# Dataset excerpt
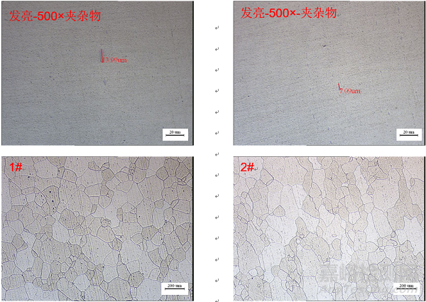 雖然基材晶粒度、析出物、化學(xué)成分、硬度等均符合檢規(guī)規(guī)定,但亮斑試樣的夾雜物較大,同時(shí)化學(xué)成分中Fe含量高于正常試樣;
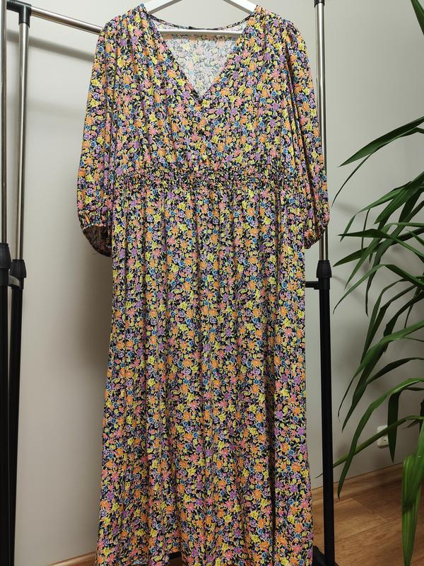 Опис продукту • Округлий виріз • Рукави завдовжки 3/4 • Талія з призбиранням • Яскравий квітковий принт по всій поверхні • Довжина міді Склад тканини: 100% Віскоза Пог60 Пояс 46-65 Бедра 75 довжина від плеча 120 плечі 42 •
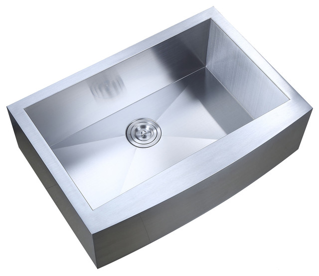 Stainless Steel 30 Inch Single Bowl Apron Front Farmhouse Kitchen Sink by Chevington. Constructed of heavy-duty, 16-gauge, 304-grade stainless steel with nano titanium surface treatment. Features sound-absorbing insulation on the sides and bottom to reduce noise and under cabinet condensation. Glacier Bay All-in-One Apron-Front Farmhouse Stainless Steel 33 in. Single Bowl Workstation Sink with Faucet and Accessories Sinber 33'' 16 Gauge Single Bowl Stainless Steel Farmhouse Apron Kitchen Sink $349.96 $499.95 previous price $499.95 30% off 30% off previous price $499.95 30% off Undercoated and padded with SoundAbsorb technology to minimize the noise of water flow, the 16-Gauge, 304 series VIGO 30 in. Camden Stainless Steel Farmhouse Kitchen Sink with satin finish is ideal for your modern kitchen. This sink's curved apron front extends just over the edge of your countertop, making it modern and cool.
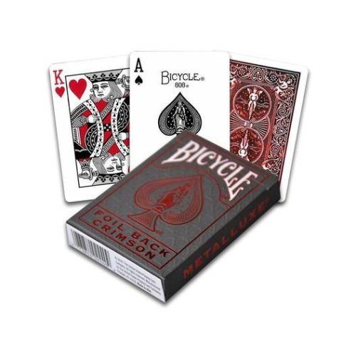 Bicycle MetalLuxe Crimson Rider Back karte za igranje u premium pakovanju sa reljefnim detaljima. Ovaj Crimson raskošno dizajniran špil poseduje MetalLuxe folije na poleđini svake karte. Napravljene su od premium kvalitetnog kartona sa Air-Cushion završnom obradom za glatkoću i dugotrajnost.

# Exercise brief
Images are to be skipped, and each line above is to be returned exactly.

# Task solution
 雖然基材晶粒度、析出物、化學(xué)成分、硬度等均符合檢規(guī)規(guī)定,但亮斑試樣的夾雜物較大,同時(shí)化學(xué)成分中Fe含量高于正常試樣;
 Опис продукту • Округлий виріз • Рукави завдовжки 3/4 • Талія з призбиранням • Яскравий квітковий принт по всій поверхні • Довжина міді Склад тканини: 100% Віскоза Пог60 Пояс 46-65 Бедра 75 довжина від плеча 120 плечі 42 •
 Stainless Steel 30 Inch Single Bowl Apron Front Farmhouse Kitchen Sink by Chevington. Constructed of heavy-duty, 16-gauge, 304-grade stainless steel with nano titanium surface treatment. Features sound-absorbing insulation on the sides and bottom to reduce noise and under cabinet condensation. Glacier Bay All-in-One Apron-Front Farmhouse Stainless Steel 33 in. Single Bowl Workstation Sink with Faucet and Accessories Sinber 33'' 16 Gauge Single Bowl Stainless Steel Farmhouse Apron Kitchen Sink $349.96 $499.95 previous price $499.95 30% off 30% off previous price $499.95 30% off Undercoated and padded with SoundAbsorb technology to minimize the noise of water flow, the 16-Gauge, 304 series VIGO 30 in. Camden Stainless Steel Farmhouse Kitchen Sink with satin finish is ideal for your modern kitchen. This sink's curved apron front extends just over the edge of your countertop, making it modern and cool.
 Bicycle MetalLuxe Crimson Rider Back karte za igranje u premium pakovanju sa reljefnim detaljima. Ovaj Crimson raskošno dizajniran špil poseduje MetalLuxe folije na poleđini svake karte. Napravljene su od premium kvalitetnog kartona sa Air-Cushion završnom obradom za glatkoću i dugotrajnost.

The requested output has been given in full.